The human mind never fails to amaze me.


----------



## Maxy24 (Mar 5, 2011)

My parents aren't throwing out our bag of TOTW and I don't have a problem with it. He has like a weeks worth of it left so if it was going to make him sick is probably would have and my parents have no clue what else to feed. I'm going to be home from college today so I can help them switch to something else. I can't just tell them a brand because money is a huge factor for us and I'll have to walk around the store comparing ingredients and prices for a while. If we had a brand new bag we probably would have returned it, but I really am not all that concerned about anyone getting sick from the bag we have especially since TOTW hasn't even tested positive for salmonella.


----------



## 7766 (Sep 20, 2011)

I have an unopened bag of Wellness Core Ocean that I am waiting on opening in case it gets recalled. One brand of Wellness has so far, but not the core. I am not even sure if I can return it. It's the first time I bought food from Petco. 
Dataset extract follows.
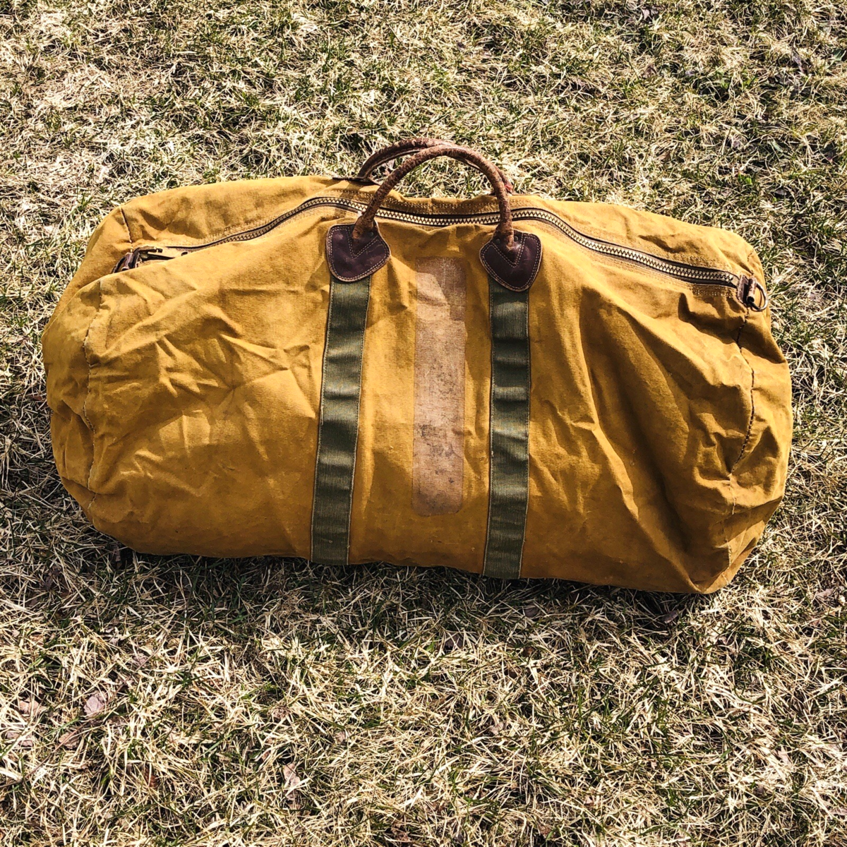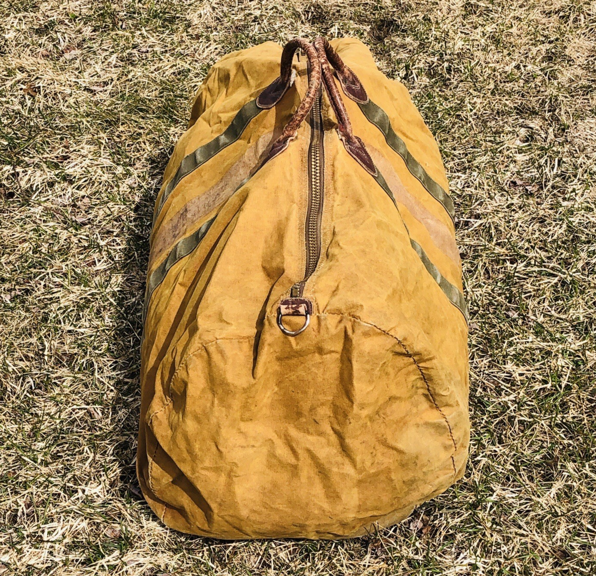 Vintage 1940s LL Bean Canvas Sportsman Large Duffle Bag with Leather Trim

I was finishing up a bag of TOTW when the first recall was announced. The Diamond Naturals Lamb and Rice. By the time it got to TOTW that bag was long gone. 

I see me staying with small companies from now in. This is crazy trying to figure out who and where your dog food is made. It feels like Diamond has a quarter of the dog food market right now. The seem as big a Purina.


----------



## kady05 (Jul 29, 2011)

Not sure why they wouldn't just take the food back.. I feed Wilson 50/50 raw & kibble, and his kibble was TOTW. Yesterday I took it back in a TRASH bag without a receipt to the store I got it from and they gave me a full refund!


----------



## DaViking (Sep 27, 2011)

I am actually not that concerned for the salmonella situation at all, if some want to cheap out and save their bags who am I to judge? Over the years I am sure I have given my dogs (and handled myself) plenty of salmonella through various store bought treats containing poultry and eggs. And I am sure they have gobbled down lots of salmonella from wild bird poop and similar. To me it's more interesting to see how affected companies handles a situation like this. It says a lot about what kind of ppl and company I as a consumer is dealing with.


----------



## lauren43 (Feb 6, 2011)

It's nice to see the other side of it. I could see if moneys tight of if you don't know what to switch to. And I said at the beginning I understand it's most likely not going to hurt the dogs (though I have heard of dogs getting salmonella, not sure how though)...


----------



## monkeys23 (Dec 8, 2010)

nlboz said:


> I have an unopened bag of Wellness Core Ocean that I am waiting on opening in case it gets recalled. One brand of Wellness has so far, but not the core. I am not even sure if I can return it. It's the first time I bought food from Petco.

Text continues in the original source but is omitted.